В тот же день Гена со спасательным отрядом вылетел в Кожар.
За наших ребят я был совершенно спокоен. В худшем случае Глебу за самовольное перенесение контрольного срока влепят выговор. С часу на час я ждал телеграммы: "Поход окончен, живы, здоровы, турпривет!". Саша опять виновато улыбнулся:
— Вы ложитесь, отдыхайте, я найду себе другую кровать…
Да. А телеграммы не было и на другой день. После обеда я перетянул потуже ногу бинтом и поехал в спортклуб. Там все нервничали, сразу сказали мне, что о нашей группе знают уже в обкоме партии и в Федерации туризма, в Москве. Вот в спортклубе, знаете, я впервые почувствовал себя… нехорошо. Мне пожимали руку, сочувствовали, даже удивлялись, а мне казалось, что за моей спиной говорят: "Это тот самый, единственный…" И тут только я всерьез встревожился за ребят. Заметался, что делать. В конце концов помчался домой собирать рюкзак. Я еще не знал, что буду делать, но одно знал, совершенно твердо; я должен быть в Кожаре.

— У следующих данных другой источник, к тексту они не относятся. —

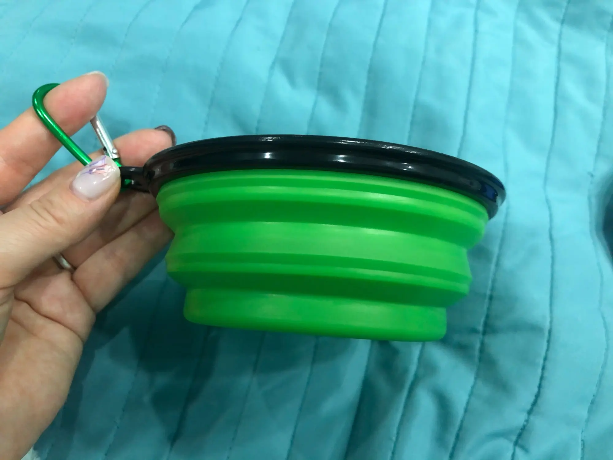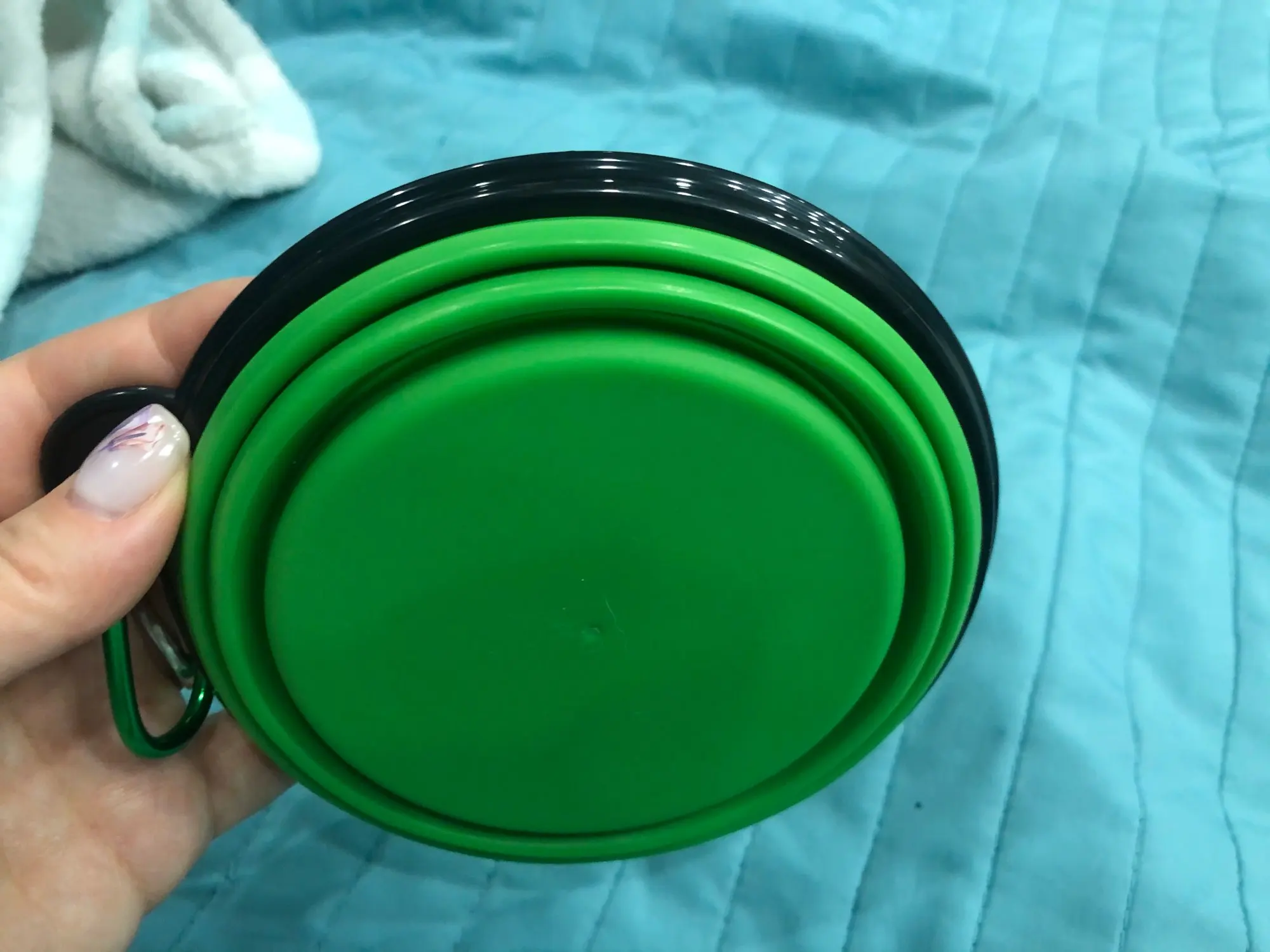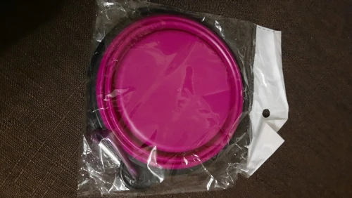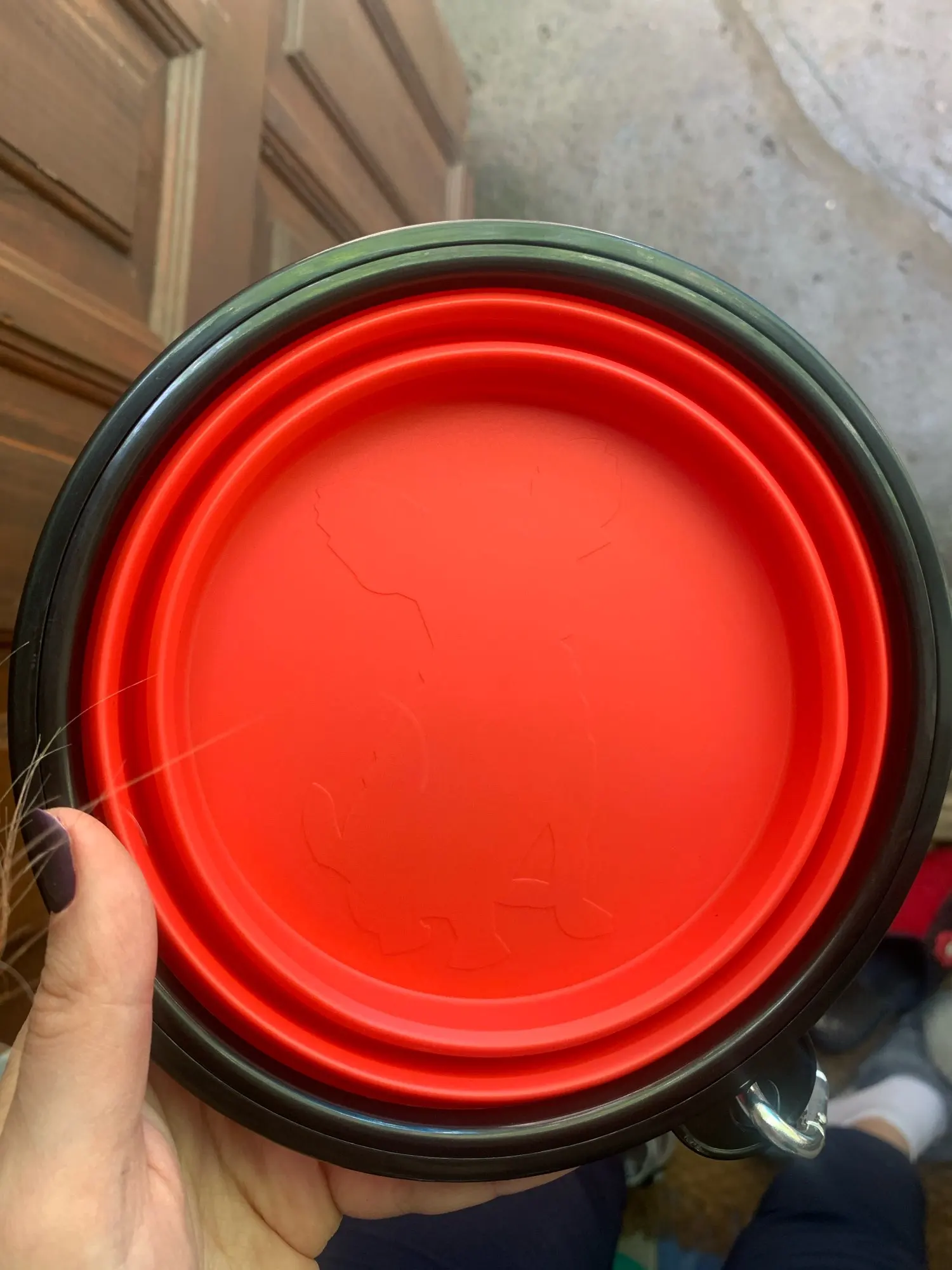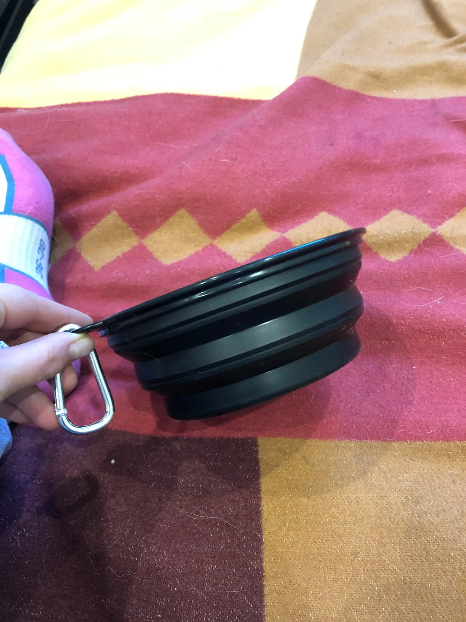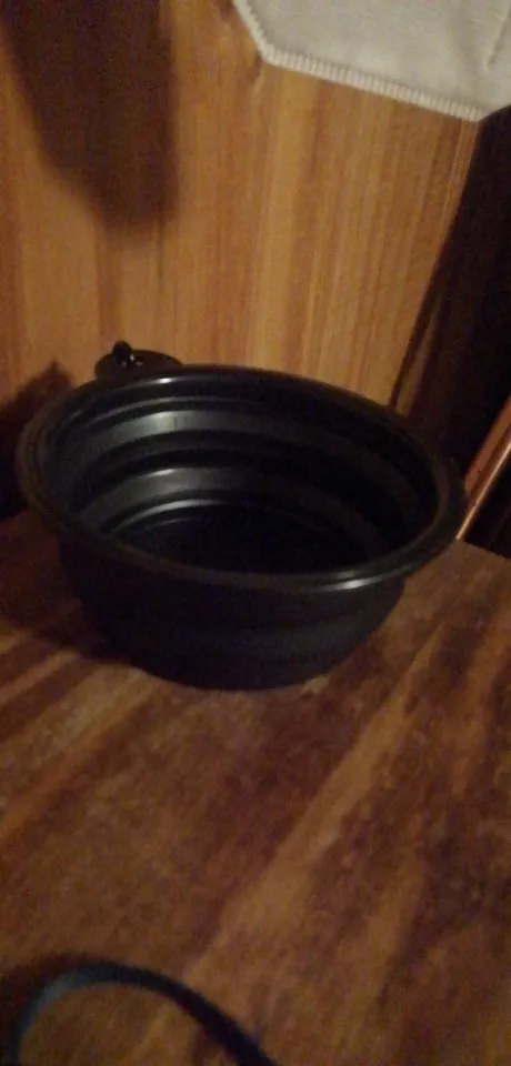 Отличная, маленькая миска. Литр туда вряд ли можно залить, или так кажется. Складывается легко, не пахнёт, приличный карабин. Для собак мелких пород будет хорошо, для средних пород уже маловата.

А утром за мной приехали на машине. Вошел незнакомый человек, поздоровался со мной. "Как ваша нога, товарищ Южин? Вы можете выехать в Кожар?" Вот от него-то по пути к аэродрому я и узнал, что Глеб… В общем, что нет больше Глеба.
Сопровождающий сказал: "Нашли палатку, почти все вещи и труп командира отряда".
Вот так я все и узнал.
— Вы прилетели в Кожар самолетом?
— Да. В самолете я чувствовал себя плохо… Вы видели Глеба? Там, в горах? А я в морг не пошел… Не смог…
— Ну, вы прилетели…
— В Кожар мы прилетели часа через три. Нас, вернее, меня, потому что самолет был грузовой, встречали двое. Спросили: "Товарищ Южин? Как перенесли перелет? В состоянии ответить на несколько вопросов?"
— Об избушке спрашивали?
— Да, тут же на аэродроме: "Знали ли в группе об охотничьей избушке в верховьях Соронги?" Я сказал, что знали, и что она была у нас отмечена на карте.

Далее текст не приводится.